Besides my Buffalo bottles, it’s an Eastside sign. Instead of neon, it’s mercury. It was a beer that my Grandpa Jack drank. I bought it years ago. It’s the most I’ve ever spent on one, but it’s in perfect condition.

Describe your background as a historian.

I was always interested in history, and particularly this subject, which I came upon in the early ’90s, but I didn’t really have the training or the focus to do the research. Six years after I got my English degree, I decided to go into the public-history program at Sac State for a master’s, with pretty much the intent on learning how to do the research and the writing for this type of project with this being my ultimate goal. By sheer luck, it ended up being my thesis. Once I graduated with this degree, I became a historian in that respect.

What was the title of the thesis?

“Brewing in Sacramento 1849-1919”—pretty lackluster title, very technical.

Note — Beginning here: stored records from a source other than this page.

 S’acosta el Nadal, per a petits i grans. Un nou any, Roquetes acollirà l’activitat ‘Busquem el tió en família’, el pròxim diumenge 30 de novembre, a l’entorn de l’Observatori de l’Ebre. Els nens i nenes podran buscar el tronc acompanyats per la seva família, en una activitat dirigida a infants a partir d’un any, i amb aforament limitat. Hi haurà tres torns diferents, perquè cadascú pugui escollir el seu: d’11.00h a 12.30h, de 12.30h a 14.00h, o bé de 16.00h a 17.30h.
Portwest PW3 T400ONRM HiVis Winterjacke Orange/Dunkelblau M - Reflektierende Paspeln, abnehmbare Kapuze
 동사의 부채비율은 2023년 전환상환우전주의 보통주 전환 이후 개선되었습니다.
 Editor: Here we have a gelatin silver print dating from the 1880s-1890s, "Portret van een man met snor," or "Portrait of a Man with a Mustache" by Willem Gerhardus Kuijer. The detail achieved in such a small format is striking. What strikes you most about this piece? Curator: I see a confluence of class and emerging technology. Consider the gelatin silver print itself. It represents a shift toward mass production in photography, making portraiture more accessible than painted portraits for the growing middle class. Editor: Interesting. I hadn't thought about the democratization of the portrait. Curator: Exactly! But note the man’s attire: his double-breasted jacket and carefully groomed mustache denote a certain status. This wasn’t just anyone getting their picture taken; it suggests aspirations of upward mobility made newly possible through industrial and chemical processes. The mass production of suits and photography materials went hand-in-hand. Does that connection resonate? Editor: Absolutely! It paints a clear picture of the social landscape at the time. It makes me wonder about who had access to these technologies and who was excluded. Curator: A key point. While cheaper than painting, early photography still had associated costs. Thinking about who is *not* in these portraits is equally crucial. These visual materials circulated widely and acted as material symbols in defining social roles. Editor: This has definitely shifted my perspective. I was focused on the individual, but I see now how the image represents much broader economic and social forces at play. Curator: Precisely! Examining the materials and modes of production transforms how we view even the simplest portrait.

How did you come to write this book?

I always wanted to write it, and I never thought I would, actually. Once it was done—it’s been about a year—in November, Bill Burg, he’s president of the Sac County historical society, approached me and asked if I’d be interested in publishing it as Golden Notes, which is a Sacramento County Historical Society publication. They would give [them] to their members, and I collected those and I loved them. They hadn’t done them for a while, and when [Burg] became president, he revived it. When he asked me to do one, I jumped at it. It’s going to be a lot longer than most of them are, like 150 pages. I was all for it.

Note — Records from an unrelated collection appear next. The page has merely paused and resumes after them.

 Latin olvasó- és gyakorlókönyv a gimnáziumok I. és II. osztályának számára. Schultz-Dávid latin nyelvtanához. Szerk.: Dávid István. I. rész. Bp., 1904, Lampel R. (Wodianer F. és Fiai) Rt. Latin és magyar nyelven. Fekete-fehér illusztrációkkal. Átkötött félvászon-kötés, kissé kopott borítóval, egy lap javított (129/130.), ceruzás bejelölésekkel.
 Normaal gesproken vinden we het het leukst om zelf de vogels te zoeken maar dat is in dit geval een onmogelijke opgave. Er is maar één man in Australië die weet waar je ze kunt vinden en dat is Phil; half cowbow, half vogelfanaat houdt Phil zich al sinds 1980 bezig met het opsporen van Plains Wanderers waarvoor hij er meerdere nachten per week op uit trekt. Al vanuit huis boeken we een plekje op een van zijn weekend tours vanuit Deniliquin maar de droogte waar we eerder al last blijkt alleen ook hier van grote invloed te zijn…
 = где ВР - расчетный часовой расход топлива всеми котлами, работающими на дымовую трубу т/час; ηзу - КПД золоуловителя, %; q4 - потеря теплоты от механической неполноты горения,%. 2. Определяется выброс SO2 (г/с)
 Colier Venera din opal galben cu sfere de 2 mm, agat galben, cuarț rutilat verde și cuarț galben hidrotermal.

Do you know some of the past topics of the Golden Notes?

I have most of the old ones. Sutter’s Slough—the old lake used to be up at Fifth and G [streets] … old landmarks, [the 1890s-era electric parade], any number of things.

What’s the quintessential historical Sacramento brewery?

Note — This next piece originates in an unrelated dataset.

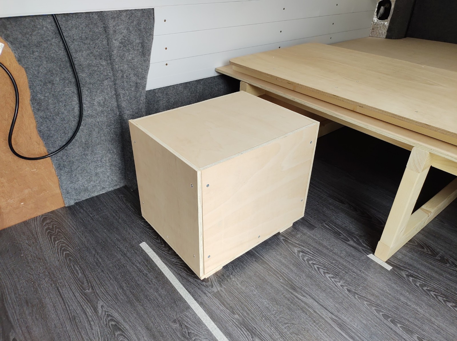 Getting the storage stools just the right height was important to have both sections of the bed level. You can just about see in the images below that the storage stools have runner feet on them. This is to help air to circulate, as the under floor heating mat instructions warned against permanent ‘hotspots’ where things are sitting on top of the heated floor. These feet have offcuts of the 3 way stretch carpet used on the doors and wheel arches attached, so they can slide around without scratching the vinyl floor.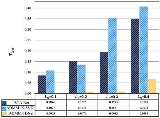 Figure 7 shows the relationship between LS and Ttest, and it can be observed that as the signal LS increases, the Ttest of the reconstructed signal of the three algorithms increases. It is noted that the reconstruction Ttest of ADMM-1DNet at signal sparse levels of 0.2 and 0.3 is much lower than that of the other two algorithms, and the results remain relatively stable. This demonstrates that the ADMM-1DNet implementation scheme still has good robustness when processing signals with different sparse levels and can adapt to the task requirements of signal reconstruction with different sparse levels.

People always tend to look at Buffalo, but Buffalo was really the culmination of 50 years of pioneer brewing and small breweries that moved around, changed owners and traded employees. Basically Germans—they were all kind of a really close network from what I can tell from research. It wasn’t until the end of the 1800s, when consolidation was really important because of the high cost of advertising, bottling, machinery, labor, that all the small brewers who were still around combined within Buffalo … put their money in with Buffalo. … Some had ownership histories that defied description. You’ll see in the book.

A lot of them, like Philip Scheld, who worked as a baker in the gold fields and then bought a brewery in 1851—it lasted until it was absorbed by Buffalo—he was a real exemplary figure, if wealth is deemed to be a valuable characteristic. There’s not much known about these guys, about their personal lives. So much written about them back then was always in that glowing way they wrote about “fine businessmen.”

How long did Buffalo last?

It went from the 1890s until Prohibition, and then it was a soda and malt factory during Prohibition. Maybe they made beer still, I don’t know, and then it came back at the end of Prohibition with a lot of money. All the stockholders were well-known, like Gerber—names you see everywhere all over town, very rich stockholders. They put a bunch of money into it, revamped it, renovated for the times, and it didn’t last another 10 years. They couldn’t compete. Early to mid-’40s, it went down. It was demolished in the ’50s. They ran out of steam against Anheuser-Busch and others. They’d been battling them since the 1880s.

Is Sacramento still the city of a beer?

Knowing the local drinking habits, yes, very much so! (Laughs.) As far as brewery production, I guess it’s not bad. … We’ve got quite a few now. Even in the 1860s, Sacramento only had seven or eight, so that’s about what we’ve got, give or take a few. … A lot of the town was built because of beer wealth.